Despite many candidate drugs being in trials, the causes of AD are not fully known, and uncovering mechanisms underlying gender differences in cognitive progression may yield additional new treatment targets or nonpharmacologic strategies for risk modification and allowing a more personalized intervention. For example, trials of anti-amyloid therapeutics have revealed a greater vulnerability for cerebral adverse events such as amyloid-related imaging abnormalities in E4 carriers and many ongoing studies stratify enrollment by E4 and also use differential treatment dosing by E4. In a similar vein, our findings support a prior call for AD prevention trials to deliberately stratify by sex and have adequate sample size to test for a therapeutic risk-benefit in men and women separately [1]. One could conceivably also have separate thresholds for efficacy. In addition, differences in variability in the rate of change by gender suggest that unequal numbers of males and females may be required to measure the same effect size.

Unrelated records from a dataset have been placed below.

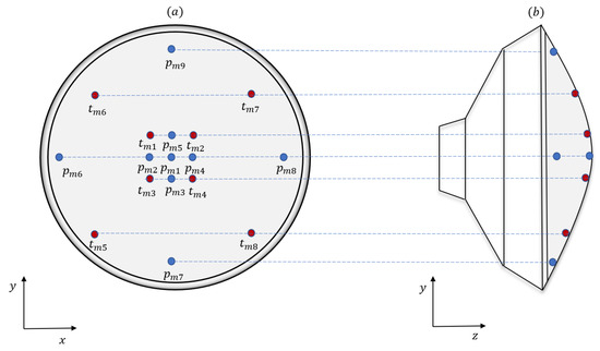 (a) Layout of an array of sensors for measuring pressure (denoted by ) and heating rate (denoted by ) on the heat shield of a Mars entry vehicle. (b) An alternative view of the sensor locations geometry looking in the direction of the positive x-axis.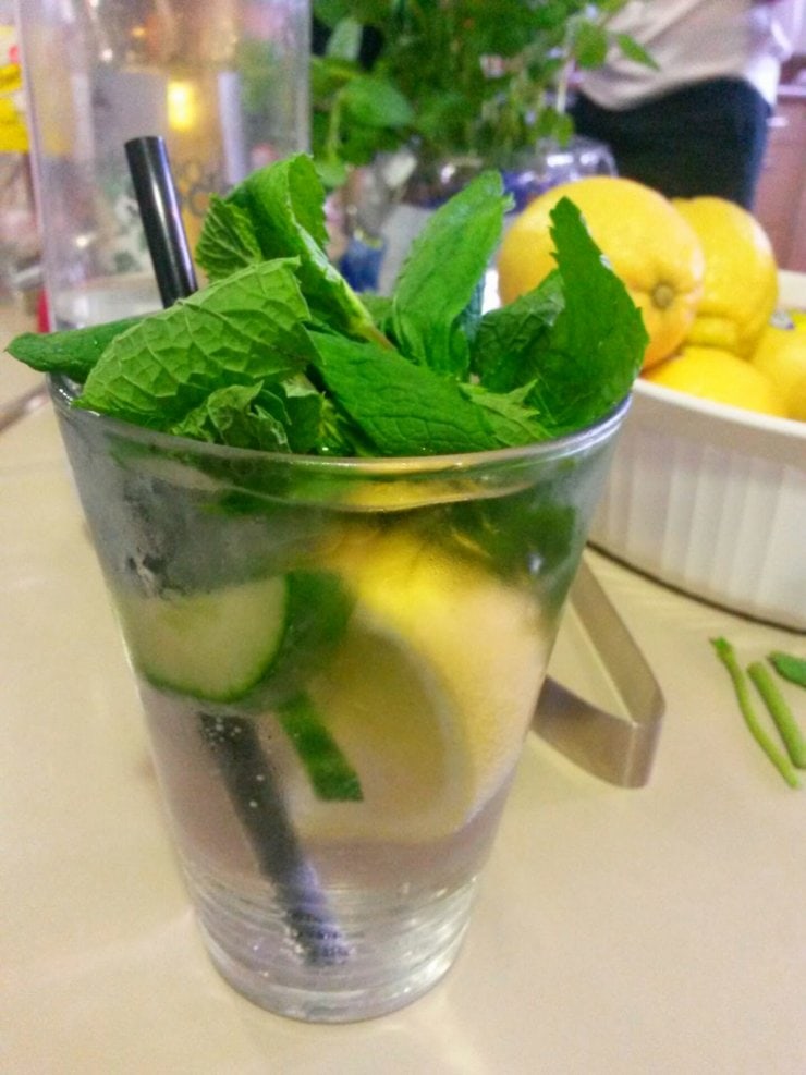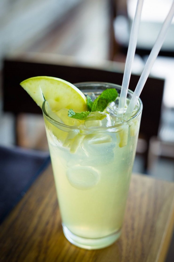В последствии смешать вместе Sprite и сироп в другом стакане и добавить к джину. И, конечно, украсить все это листиками мяты.
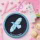 A simple, glowing, blue-and-white line image of a Raven (Corvus corax) on a starry background image. Add your own text.
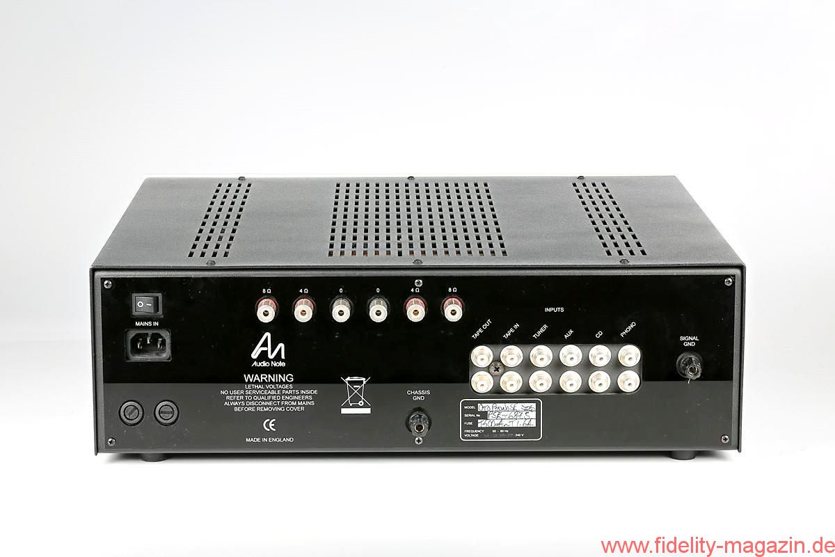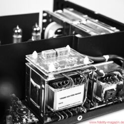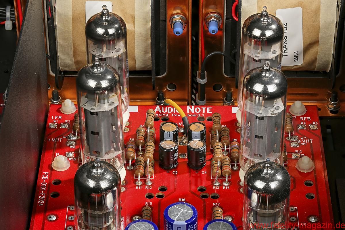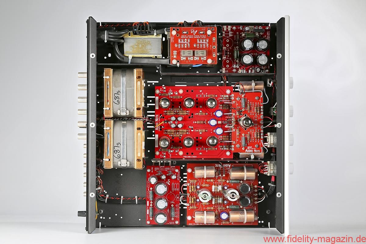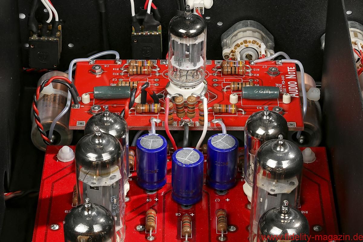 Zur Modulbauweise: In diesem Vollverstärker vereinen sich der Vorverstärker M1 und die Endstufe P1SE. Die eingesparten Kosten für getrennte Gehäuse, Netzteile, Buchsen und auch Verbindungskabel sind direkt am Preisschild erkennbar. Gleichwohl sorgen etliche der hier verwendeten klangentscheidenden Bauteile unter Kennern für begehrliche Blicke; Tantal-Widerstände, Kupferfolien-Elkos und insbesondere die berühmten Audio-Note-Übertrager haben entscheidenden Anteil am klanglichen Gesamtergebnis. Ein ausgesuchtes Quartett EL84-Leistungsröhren fühlt sich in einer solchen maßgeschneiderten Umgebung natürlich pudelwohl und läuft zur Höchstform auf. Was immer wieder für einige Überraschungen sorgt; sogar, das gebe ich gerne zu, bei mir selbst.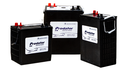 Predator Industrial batteries are available in different battery types to suit different applications and power requirements. They are available as Flooded or AGM batteries across various sizes.

Furthermore, the curvilinear acceleration noted in this study suggests that usual statistical approach in trials of linear models may not be optimal to model MCI disease progression over longer periods. The CDR-SB has been suggested as an acceptable single cognitive/functional end point for MCI trials, and our data suggest that lower baseline MMSE, female gender, and APOE ε4 are predictors of faster decline, and sample sizes for various specific effect sizes can be computed using the data. To our knowledge, no prior study has modeled long-term changes in cognition and function in MCI, as well as the effects of covariates, so comprehensively.
5. Conclusions
In conclusion, our results show a robust gender difference in the rate of change in ADAS-Cog and CDR-SB in MCI subjects, with women declining at much higher rates than men. These findings support prior calls [1], [3], [4] to make gender-specific research in AD a priority.